En 2010, el grupo creció más de un 10% y en 2012, justo el año en que la empresa dio un golpe de efecto con una bajada de precios del 20%, el alza se situó en el 20%. El impacto de la diversificación de conceptos no se ha notado hasta 2015, cuando el grupo ha crecido un 15,36% y ha superado los 2.300 millones de euros.

 

Mango no ha facilitado en 2015 la evolución de sus ventas por superficie comparable. A cierre de 2015, la empresa sumaba 804.500 metros cuadrados de superficie de distribución, 100.000 metros cuadrados más que un año antes.

 

Así, las ventas por metro cuadrado en 2015 se han situado en 2.892 euros, con un alza del 1% respecto a las de 2014. A cierre de 2013, Mango sumaba unos 504.500 metros cuadrados, de manera que las ventas por metro cuadrados se situaban en 3.658 euros.

 

 

 

 

 

 

Analistas del señor consultados por Modaes.es señalan que “es normal que al abrir tantas macrotiendas Mango afronte más inversiones y menos ventas por metro cuadrado”. “Lo que debe pasar de ahora en adelante es que cada una de las secciones empiece a crecer en venta y realmente produzca lo que se espera de ellas de forma que en dos o tres años la rentabilidad mejore sustancialmente”, añaden.

 

 

 

 

 

Evolución el beneficio


Si la facturación de la compañía ha mantenido una línea ascendente en estos diez años, no así ha sucedido con el beneficio. Mango ha finalizado el ejercicio 2015 con un resultado neto de 11,8 millones de euros, mientras el resultado antes de impuestos se ha situado en 4 millones de euros y el resultado bruto de explotación (ebitda) de 170 millones de euros. Hay que retroceder más de diez años para encontrar cifras tan bajas en las cuentas de Mango.

 

El beneficio de la empresa presidida por Isak Andic empezó a sufrir a partir de 2008, un año después de que la crisis económica comenzara a impactar en el consumo.
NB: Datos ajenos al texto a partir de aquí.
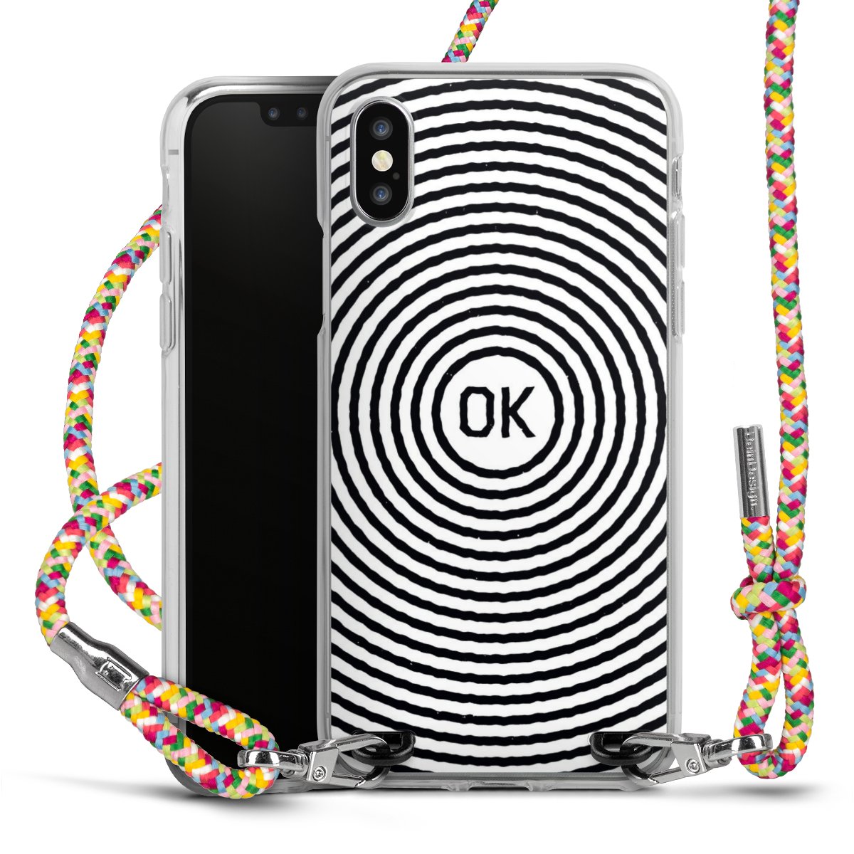 The flexible case is made from a highquality TPU material (thermoplastic Polyurethan). Thanks to its longlasting and break resistant characterisitcs, the case is flexible yet consistent in form and has a great grip and feel. The textile strap made from Polyester gives a chic yet casual accent allowing you to carry your phone like a bag or necklace - a practical gadget perfect for your next adventure. The textile strap is about 1.70 meters long and the length can easily be adjusted through the knots. Our Carry Case is available in Colourful, Mint-Camouflage, Very-Berry, Sahara-Sand and Sparkling-Neon. The ends of the textile strap are covered with metallic end caps to protect them against fraying.

En 2010, resultado neto, resultado antes de impuestos y ebitda retrocedieron, en un porcentaje que superó al 30% en el caso del primero. Los descuentos y las promociones llevadas a cabo para atraer al consumidor fueron la razón que aportó la empresa para el descenso.

 

 

 

 

 

 

El ejercicio 2011 fue todavía peor para la empresa, con el resultado neto más bajo hasta el de 2015.  Si en 2012 Mango corrigió su evolución y disparó cerca de un 82% su resultado neto (que se elevó hasta más de 113 millones de euros), en 2013, 2014 y 2015 el negativo ha vuelto a situarse delante de la evolución del beneficio de Mango.

 

Con un capital controlado por un único accionista y no sometido a la presión de la bolsa, Mango puede permitirse sacrificar margen durante unos años en pro de su nueva estrategia. De hecho, la propia empresa admite que la tendencia negativa en términos de beneficio se mantendrá en 2016 y, probablemente, en 2017.